• **EXERCISE AIM**
There is a line containing "See it on AmazonThis" in the records below. Repeat it and every line after it, exactly, through the final line, but no pictures.

** INFORMATION PROVIDED follows **

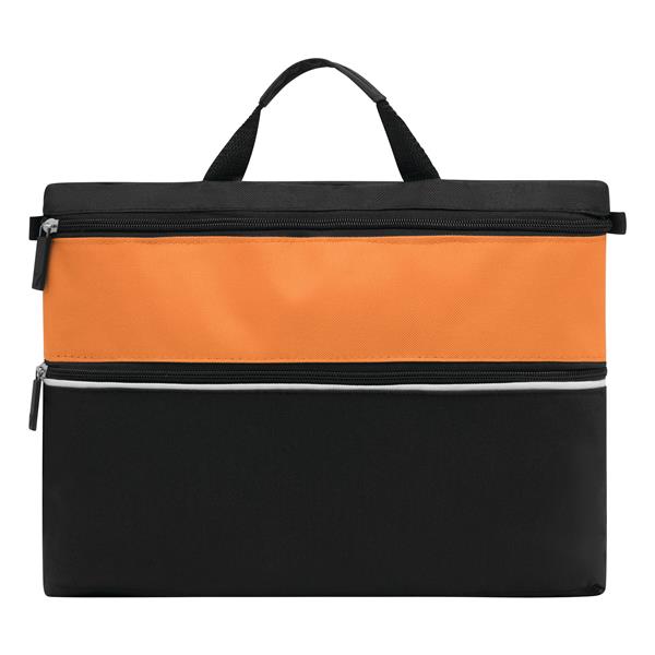 Torba na dokumenty FILE z kieszenią główną oraz dodatkową na przodzie zapinanymi na zamek oraz mocnym uchwytem do noszenia. Materiał: 600D Poliester Kolor: czarny, pomarańczowy Tagi: Teczki/etui na dokumenty,teczki do pisania,akcesoria biurowe,torby,teczki/etui na laptopy,torby na ramię,teczki,teczki/teczki na notebooki,teczki
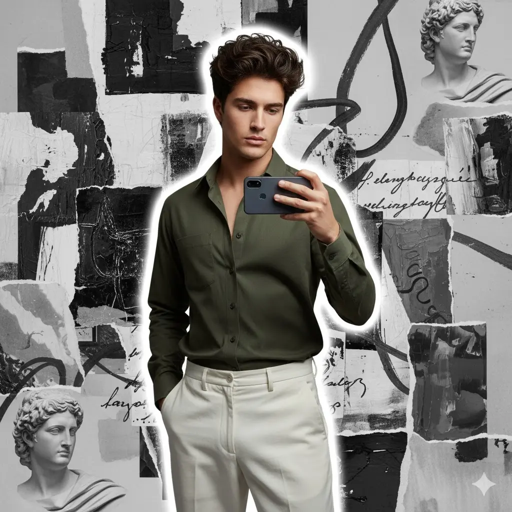 A stylish young man poses with one hand in his pocket and the other holding his phone before his face. He’s dressed in a dark olive shirt and off-white pants, his hair voluminous and slightly messy. The background is an artistic monochrome collage — abstract paintings, Greek statues, torn paper textures, and handwritten brush strokes with black-gray tones. A subtle white halo glow outlines the figure. Lighting is balanced with soft shadows and depth. Realistic HD portrait composition, moody aesthetic edit blending art and fashion, Instagram-modern atmosphere with cinematic contrast.
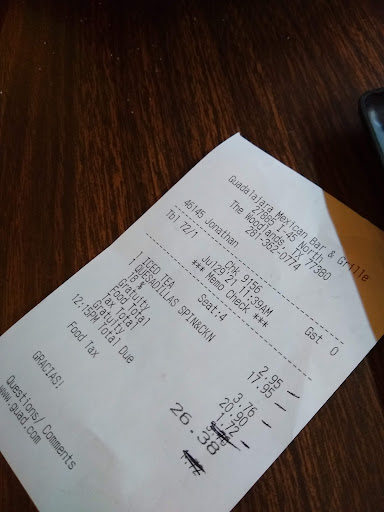 We sat for 10 minutes. Nobody said "hello". Finally, about 5 minutes later, somebody came by to take our drink order -- we had eaten most of the nachos and were dying of first. Five minutes later, he still had not arrived with the drinks, so we began to leave. The managers proposed solution was to allow us to sit somewhere else for a different waiter. THATS NUTS! She should have at least taken our order right then and there, made sure we had drinks immediately, and expedited our food order. We left, went to Papasitas. We were greeted within 3 minutes after we sat down. We had our drinks within 5 minutes and refills less than a minute later. (We were VERY thirsty by now). Our order arrived about 7 minutes later. Good buy, Guadalajara!
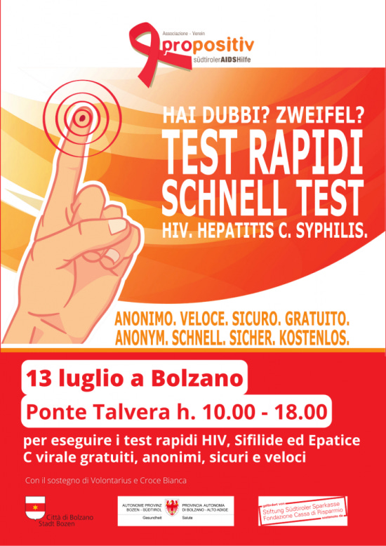 sabato 13 luglio al Ponte Talvera angolo passeggiate S. Quirino, dalle ore 10.00 alle ore 18.00 si terrà una giornata di testing per l’HIV, la Sifilide e l’Epatite C Virale.
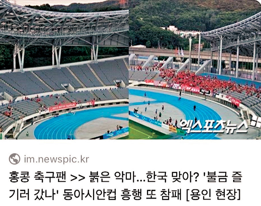 上月,港足首度於新主場啟德出戰,以1:0擊敗國際足協排名更高的印度,42,570名觀眾見證壯舉,打破了香港足球代表隊的入場紀錄,載入港足史冊。勝出這場亞洲盃外圍賽,除了球員及團隊的付出,高歌吶喊的球迷亦是港足全取3分的功臣。這次東亞錦,由港足首戰對陣日本的百多名香港球迷,延展至硬撼東道主韓國隊的近千人,聚集在龍門後方的這片熱血紅海,甚至比分散各看台的主場球迷更具氣勢,「港足加油!」的呼喊聲震撼球場。
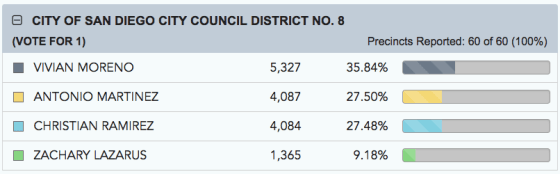 Ramirez told IVN San Diego, "Everything is on the table on our end. We're concerned about the policies in place in the county, particularly where poll locations are established, there were some irregularities that we saw in the process. We're evaluating all of our options, closely monitoring the good folks at the ROV are doing, at this point we're very interested in making sure single vote in counted in District 8 and are not discarding the possibility of a recount if we believe the situation warrants."
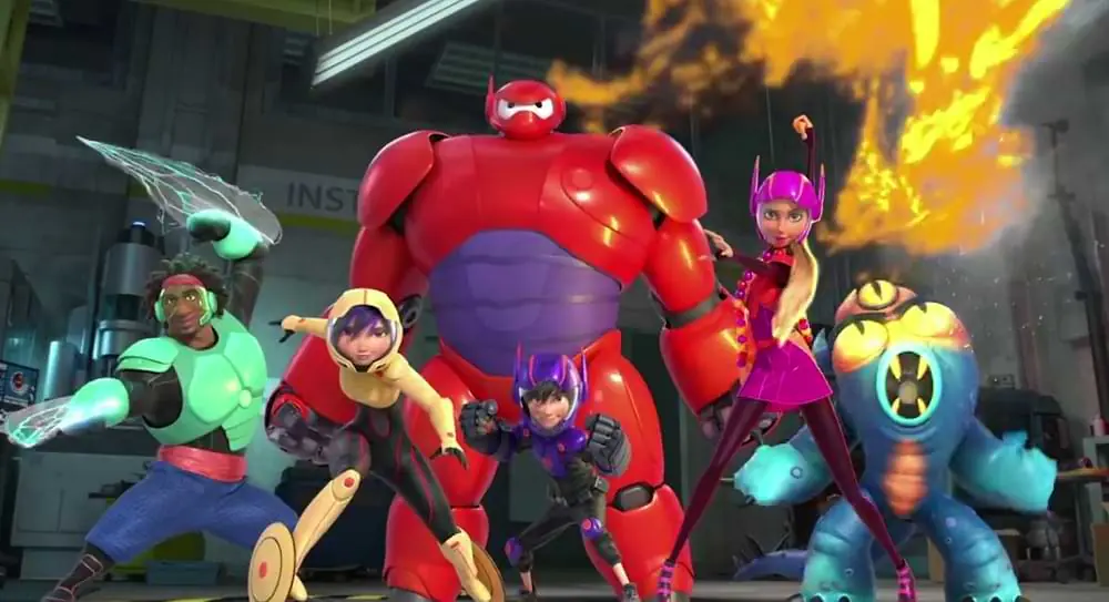 A animação conta a história de um garoto muito inteligente e imerso no mundo da tecnologia robótica que após perder um ente querido, acaba se envolvendo com um grupo de aspirantes à heróis para tentar impedir um grande vilão. O filme ganhou o Oscar de melhor animação em 2015 e tem duração original total de 1h42.
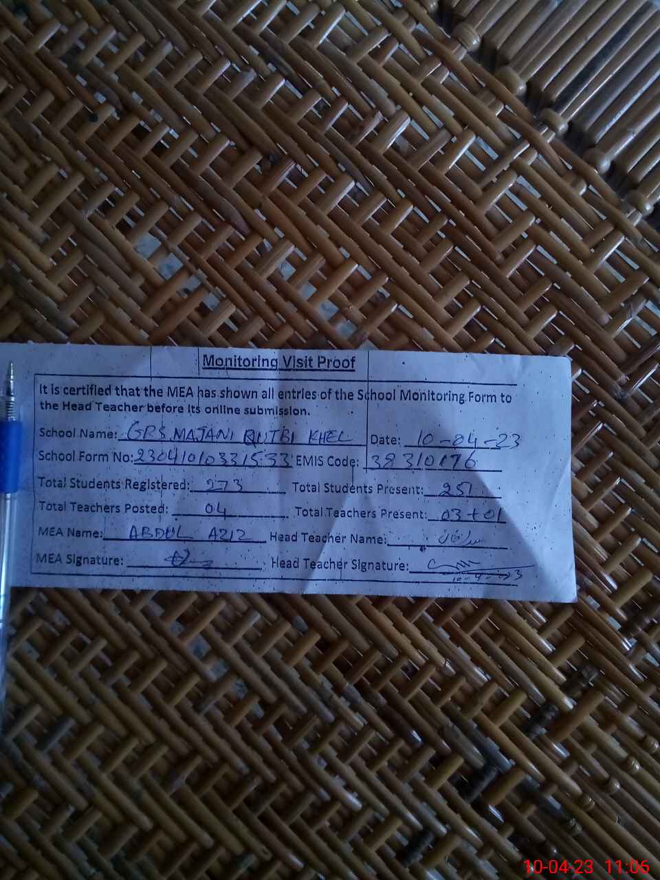 | EMIS Code: 38310176 | Name of School: GPS MAJANI QUTBI KHEL | |||
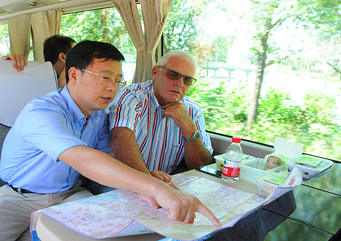 19日,沃克夫婦一行先后參觀了濰坊城市規(guī)劃藝術(shù)館、北辰綠洲濕地公園、奧體公園體育場、會展中心、火車站南廣場、寶通陸號、泰和上筑、集團新辦公樓。在城市規(guī)劃藝術(shù)館,沃克夫婦一行參觀了濰坊城市規(guī)劃沙盤、觀看了濰坊城市規(guī)劃影片,對濰坊市的基本情況有了一個整體了解;在北辰綠洲濕地公園,濰坊市規(guī)劃局副局長楊錫忠、規(guī)劃用地科科長王列生陪同參觀并介紹了北辰中央休閑區(qū)的項目定位、總體規(guī)劃和商業(yè)開發(fā)用地情況,沃克先生表示對該項目很感興趣;在火車站南廣場開發(fā)建設(shè)指揮部,市建設(shè)局副調(diào)研員付深遠(yuǎn)向客人介紹了火車站南廣場周邊地區(qū)規(guī)劃方案。
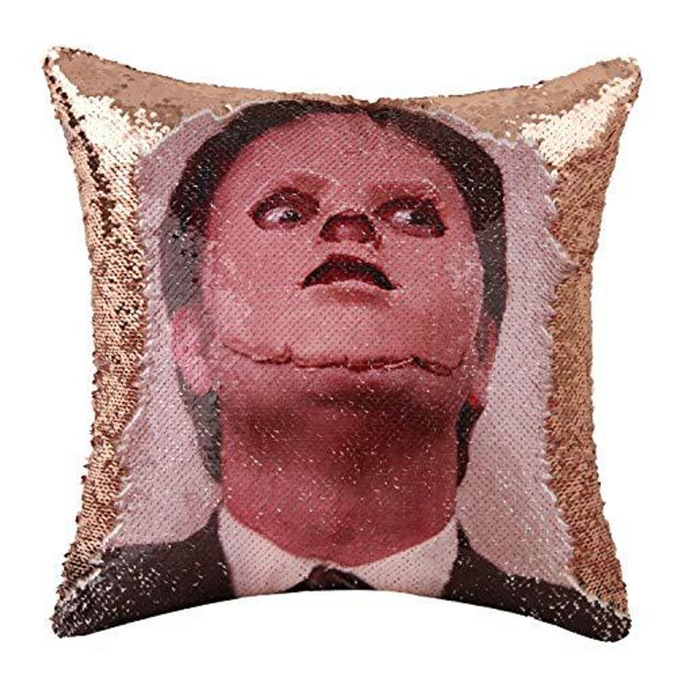 See it on AmazonThis Dwight Schrute sequin pillow cover that will bring both bling and humor to your place!
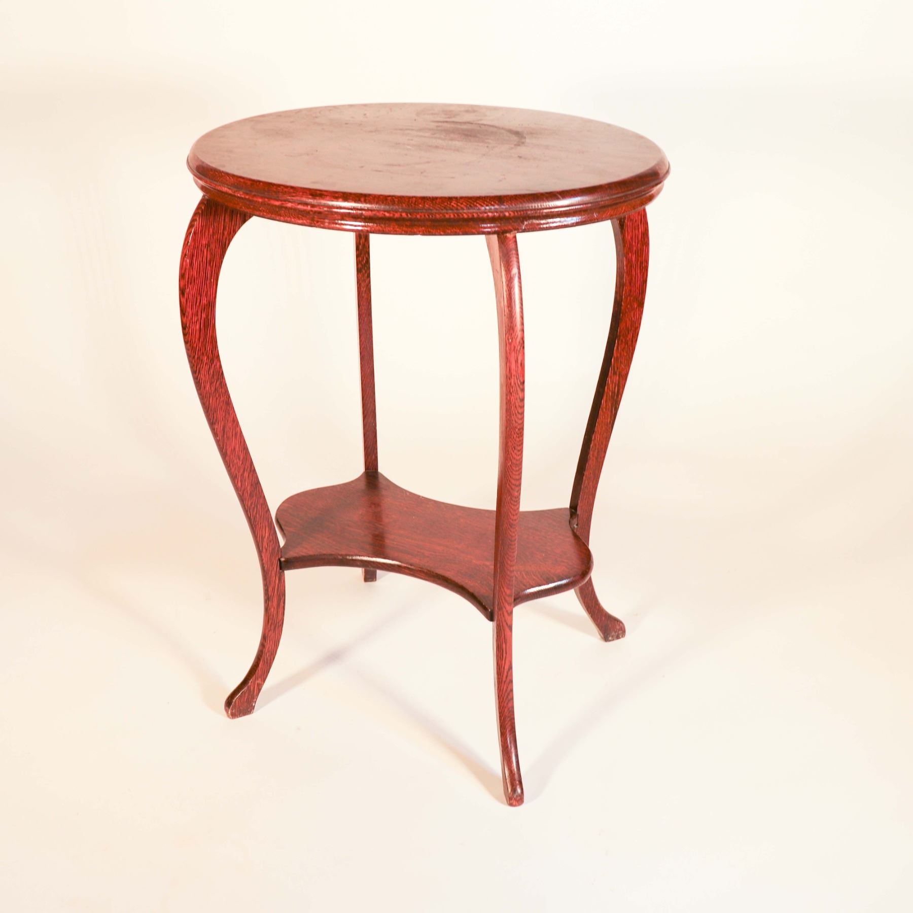 Solid oak occasional table with circular top, curving supports, and shaped undertier. Surface wear and marks to the top consistent with use.
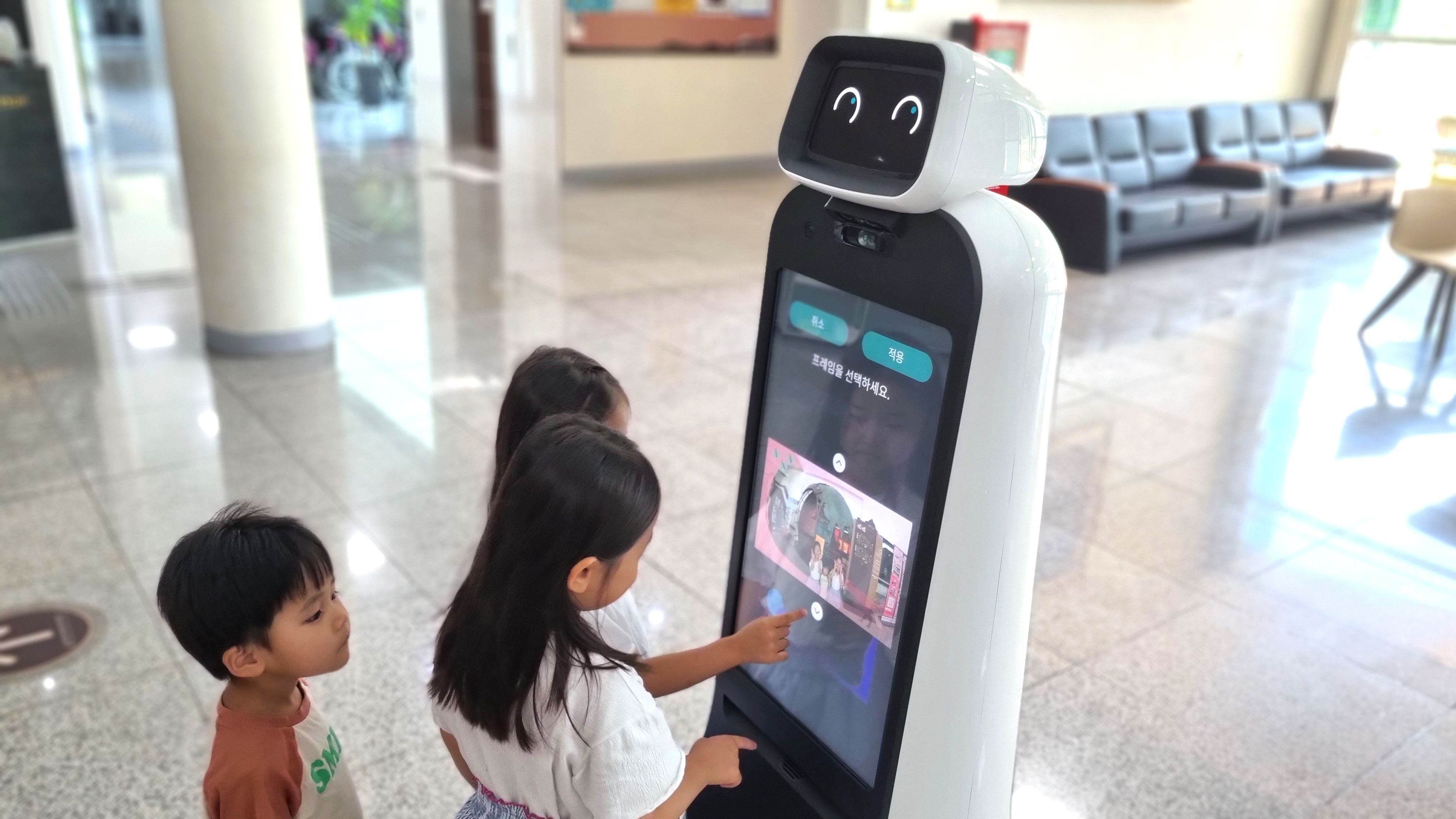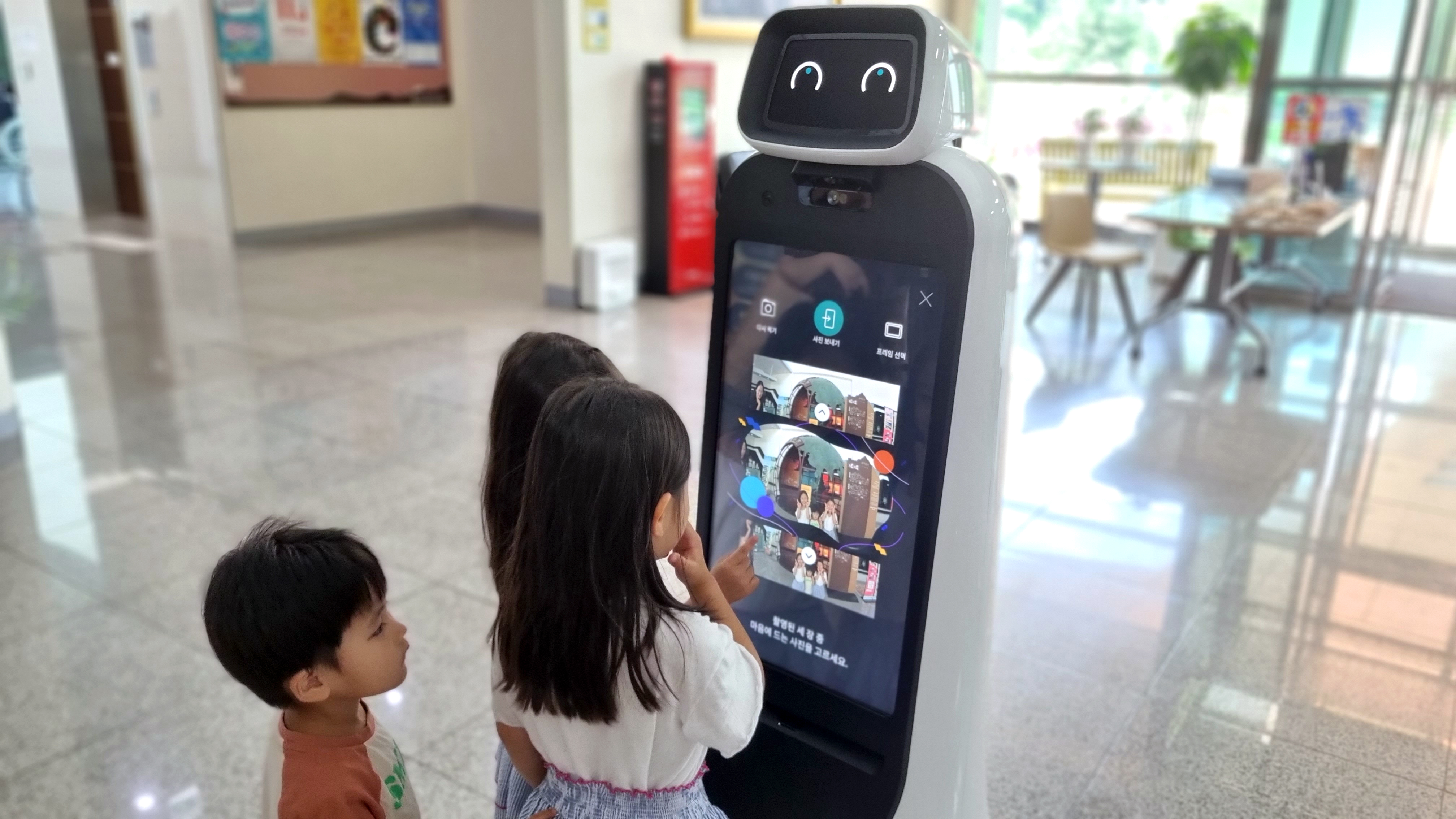 움직이는 스마트안내로봇을 신기하게 보고있어 사용법을 알려드리고, 기념으로 활용하는 모습을 담아 남겨봅니다.
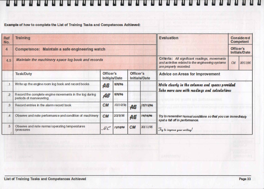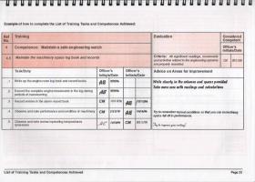• The designated on board training officer appointed by the chief engineer should inspect this Book in order to check progress already made. A plan should be made to tackle the competences that still need to be demonstrated.
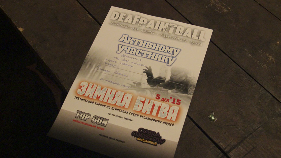 В начале декабря состоялся тактический пейнтбол среди глухих «Зимняя Битва» на знаменитой, в кругу пейнтболистов, базе отдыха ТОПГАН, что неподалеку от Сергиева Посада.

** End of INFORMATION PROVIDED **

• **RESPONSE**
 See it on AmazonThis Dwight Schrute sequin pillow cover that will bring both bling and humor to your place!
 Solid oak occasional table with circular top, curving supports, and shaped undertier. Surface wear and marks to the top consistent with use.
 움직이는 스마트안내로봇을 신기하게 보고있어 사용법을 알려드리고, 기념으로 활용하는 모습을 담아 남겨봅니다.
• The designated on board training officer appointed by the chief engineer should inspect this Book in order to check progress already made. A plan should be made to tackle the competences that still need to be demonstrated.
 В начале декабря состоялся тактический пейнтбол среди глухих «Зимняя Битва» на знаменитой, в кругу пейнтболистов, базе отдыха ТОПГАН, что неподалеку от Сергиева Посада.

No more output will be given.